Posted by Graeme at March 18, 2010 01:38 PM

Oops, sorry. That should have been addressed to Seth.

Posted by Graeme at March 18, 2010 06:03 PM

Yes, the two lower graphs are using a consistent definition of unemployment at all times - the U3 definition - from 1890 to 1990. The reason the data stop at 1990 is that Weir only constructed them in 1992. We've always had solid data for the post-1948 period from the BLS. What Weir was trying to do was extend those data back to 1890 on a consistent, comparable basis.

The BLS redesigned its survey of households, the source of unemployment data, in 1994. They never changed the definition of unemployment, but they did change their sampling methodology and question wording. As they always do when undertaking a redesign, the BLS conducted research to measure the effect of the changes on the resulting data. You can read all the gruesome details here: http://www.bls.gov/ore/pdf/ec950090.pdf . The upshot: "The new methodology
did not have a significant effect on the overall unemployment rate."

You're right that the U3 definition omits discouraged, marginally attached, and involuntary part-time workers, but I wouldn't say it "understates" unemployment. It measures exactly what it's supposed to measure. If you want to know what the unemployment rate is if those categories of workers are included rather than excluded, all you have to do is look at the U6 measure of unemployment, which the BLS publishes every month in the same press release that reports the U-3 rate.

Posted by Seth at March 18, 2010 07:11 PM

Thanks! I was mistaken, for some reason I thought the pre-1994 rate included the discouraged.

I would still say it understates them to the extent that discouraged workers feel like they're unemployed, particularly since most people don't know about U4-6.

Though you're right, it measures what it measures just fine. And I'm not sure that it's the BLS's fault that the media doesn't often mention the other U rates.

Posted by Graeme at March 18, 2010 07:50 PM

I just love that definition of unemployment in the Historical Statistics of the US: "For the self-employed person, there is always something to do, even in slow times." As a self-employed person, I find relief in knowing that I can never be unemployed, like those salaried people; I can clean my house, or walk the dog, or any number of things, and laugh all the way to the bank.

Posted by Cisco at March 19, 2010 10:24 AM

Seth,

I thought that the trigger for being declared "discouraged", and thus excluded from U3, had become more "generous" over time, thus causing something of a shrinkage of U3 vs U6 over time.

Posted by shargash at March 23, 2010 10:25 AM

Shargash -

No, I don't think so. I think the opposite sort of happened.
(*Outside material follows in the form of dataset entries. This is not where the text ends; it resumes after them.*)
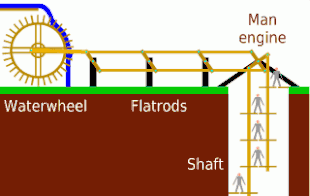 To begin with the ore was chiseled free and carted to the surface of the open pits or shallow mines in baskets. Once shaft depths increased to between about 10–60 metres hand winches (Handhäspel) were used, operated by one or two workers (Knechten). The crude ore was placed in wooden buckets for transportation. For the rather short, horizontal gangways leading to the shaft the ore was carried in Trogs for several centuries (long before the introduction of blasting). In the 17th century the shafts reached depths of between 100 and 200 m. Ore could no longer be removed by hand and horsepower was increasingly used. The horses worked in a cone-shaped building, the Göpel or Gaipel, which housed a horse whim, a winch that was driven by the horses walking in a circle. The hauling cable (made of natural fibre) or cast-iron chain was wound up and down over a vertical axle. The cable was routed down the shaft and hauled barrels of ore up and down. Due to the shaft's incline, barrels were covered with iron runners on one side, resting partly on the side of the shaft. Above ground at the pithead the ore was emptied out and transported away by horse and cart for processing. From the 18th century shaft depths of several hundred metres were being achieved and horse whims were reaching the limits of their capability. Where the mines were lucrative and their energy consumption high as a result of shaft depth or the ingress of water, water power had been used since the 16th century. Water wheels (Kunsträder) drove piston pumps in order to keep the mine dewatered (zu Sumpfe). Reversible water wheels (Kehrräder) powered the transportation of ore or winnings. Depending on the terrain conditions the reversible wheels were located either in underground wheel houses (Radstuben) near the shaft (the cable drum being set on the same axle as the water wheel) or above ground in the valley. When using the latter method the wheel's rotation was converted into reciprocating motion using a crank mechanism ( Krummen Zapfen) and transmitted over twin flat rods, several hundred metres long, to the shaft. Here, reciprocating motion was re-converted into rotary motion.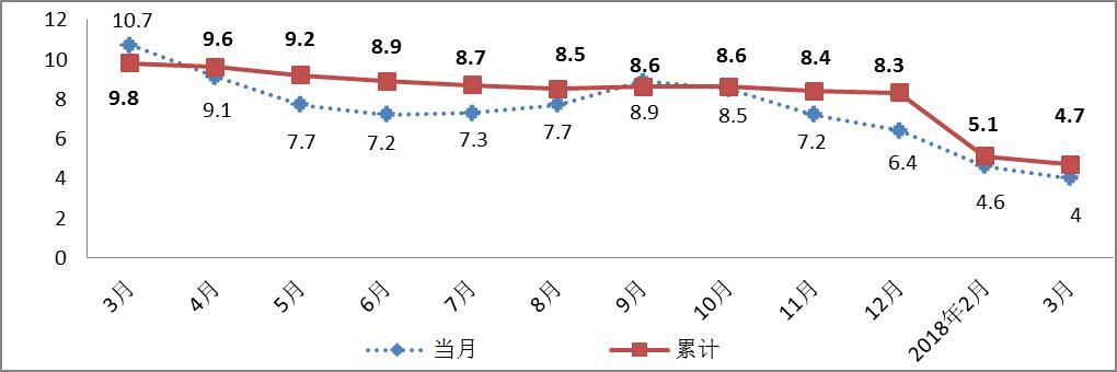 一季度,湖北工业品出厂价格指数(PPI)同比上涨4.4%,全国工业品出厂价格指数(PPI)同比上涨3.7%,高于全国0.7个百分点。从月度同比看,湖北1月份上涨5.0%,2月份上涨4.4%,3月份上涨3.8%,3月份涨幅较1、2月份分别回落1.2和0.6个百分点。主要是受国际大宗商品价格下降以及钢铁、水泥等产品价格在经过前期相对较长时间上涨后有所回调。但从涨幅看,受翘尾因素、春节假期企业减产停工以及市场供求关系变化影响,涨幅较上年同期回落1.5个百分点。
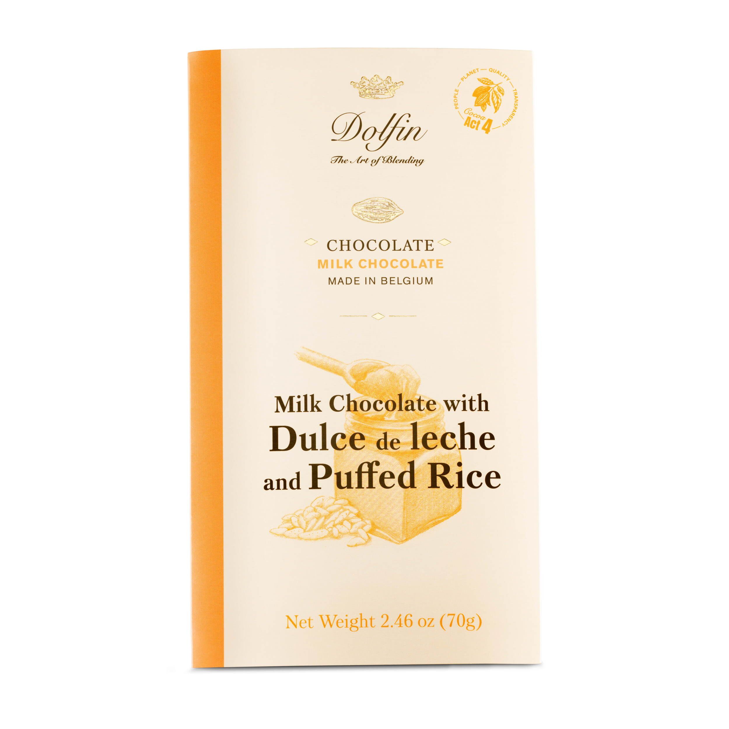 The dulce de leche or ‘caramelised milk’, a delicious blend of milk and sugar cooked very slowly, lends an added touch of sweetness to the milk chocolate, while the crunchy puffed rice brings a lively note to the mix.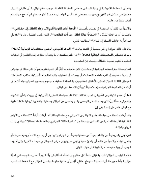 Face à l’impuissance de l’administration américaine à faire exécuter le jugement sur le sol libanais, Sara Chelbi se tourne aujourd’hui vers sa patrie. Elle lance un appel solennel aux autorités algériennes, et particulièrement au Président de la République et au Ministère des Affaires Étrangères.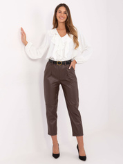 Ciemnobrązowe spodnie z ekoskóry z kieszeniami RUE PARIS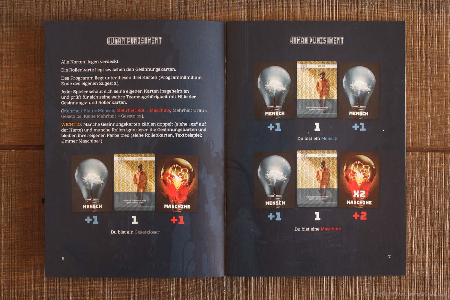 Schauen wir uns nun aber den Untertitel „Social Deduction 2.0“ noch einmal an. Wird es dem denn jetzt gerecht? Nachdem meine Spielergruppen und ich dieses Spiel nun sehr oft gespielt haben, haben wir uns zusammengesetzt und über das Feedback gesprochen. Dabei stach eines sehr schnell hervor: HUMAN PUNISHMENT lässt sich nicht mit anderen Vertretern des Genres in eine Schublade stecken. Durch die verschiedenen Mechaniken, wie KI-Bosse, Programmkarten oder alleine die reine Anzahl an unterschiedlichen Rollen, unterscheidet sich HUMAN PUNISHMENT so stark von bekannten Vertretern wie „Werwölfe vom Düsterwald“ oder „Tempel des Schreckens“, dass ein Vergleich kaum noch möglich ist.

The 1994 redesign reclassified a lot of discouraged workers as non-discouraged marginally attached workers. (In other words, it required respondents to give more concrete evidence of having once really looked for work but then given up out of hopelessness in order to be classified as discouraged.) I guess this reduced measured U-5 but not U-6? But I'm too lazy to look this up right now.

But, again, the redesign had essentially no effect on the U-3 unemployment rate in either direction.

I would say this as a general matter: If the BLS did something that had the effect of lowering the published official unemployment rate, *everyone would know about it*.